Fewer than 400 Siberian, or Amur, tigers—one of six surviving tiger subspecies—remain in their Russian and Chinese habitats, having dwindled due to extensive hunting over the past century. (See National Geographic's tiger pictures.)
Most of the animals live in Russia, where it's illegal to hunt them, or near the Russian-Chinese border, but the big cats have struggled to regain a foothold in China.
The Siberian tiger's fate fits an overall trend of tiger decline: Scientists estimate there are around 3,200 animals in the wild, down from an estimated 100,000 at the beginning of the 20th century.
Now the most recent footage, shot by the conservation group WWF in northern China's Wangqing Nature Reserve, is proof that Siberian tiger populations are moving farther into China and breeding there, Nilanga Jayasinghe, a program officer with WWF's Wildlife Conservation team, said by email.
"It is a huge success resulting from decades of conservation work to establish a breeding population of tigers in China," Jayasinghe said. (Also see "India's Tigers May Be Rebounding, in Rare Success for Endangered Species.")
"There is still a lot of work to be done, but efforts to restore habitat; bring back prey species; and increase protection for tiger populations in the Chinese portion of the Amur tiger's range are showing positive results like this family captured on film."
But Dale Miquelle, director of the Wildlife Conservation Society's Russia Program, cautioned against saying tigers have reestablished themselves in China. (Learn about National Geographic's Big Cats Initiative.)
"Numbers may be slightly increasing in China, and the evidence of reproducing females is encouraging, but it is still a tiny population of, at most, a dozen or so. There is a long way to go before we can say that there is a viable population living in China," he said by email.
"So this is a nice confirmation and interesting footage, but not really new."
Giving Chinese Tigers a Chance
To Miquelle, "the last chance to save tigers anywhere in China is probably the two northernmost provinces of China—Jilin and Heilongjiang. Here there is connectivity with tigers and tiger habitat in Russia, and dispersal can and is naturally occurring. So there is a natural source for recovery of tigers here."
However, human encroachment on their habitat continues. "Snares, inadequate prey base, and habitat loss are still the largest threats," said Miquelle. (See "Pictures: The World's Tigers—There Are Only 3,200 Left in the Wild.")

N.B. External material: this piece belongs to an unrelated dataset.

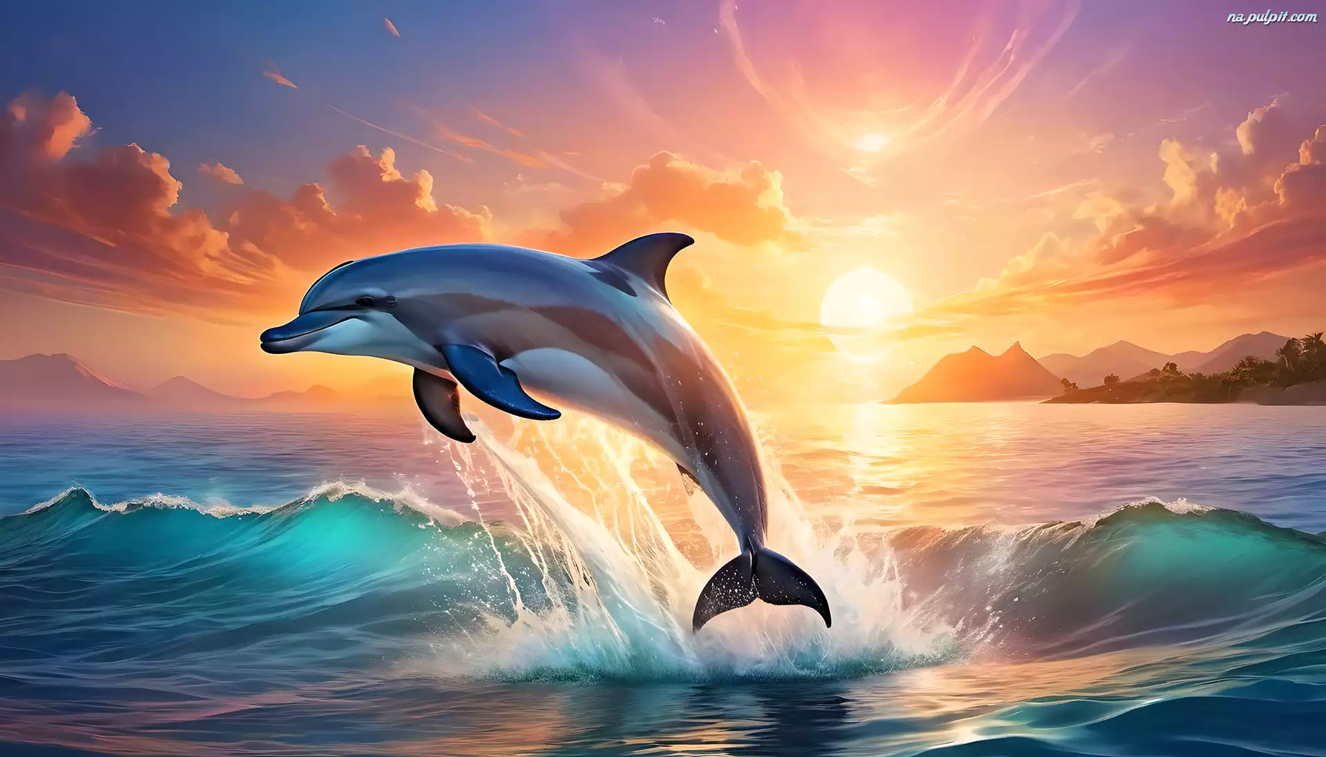 Morze, Delfin, Piana Jezioro, Zachód Słońca pasy, Wektorowa, 3D, pomarańczowe Delfiny Delfiny, Woda Puchatek, Przejedzony, Kubuś Lasery, Różnokolorowe, Smugi Zdjęcie, Delfin, Morze, Skok Zachód Słońca, Most Drzewo, Zachód Słońca Obrazek, Emo Delfin Słońce, Szalupy, Żaglowce Smok, Kobieta

"Recent camera-trap photos of a tiger on the Russian side of the border with what looks like snare wounds around the neck suggest snaring ... is still a problem."
He added that China could help its nascent tiger population by simply giving it room to grow, protecting the animals from poachers, and providing enough prey. (See "Activist's Art Puts Spotlight on Threats to Tigers")
"China could make a huge contribution to ensuring a future for wild Siberian tigers."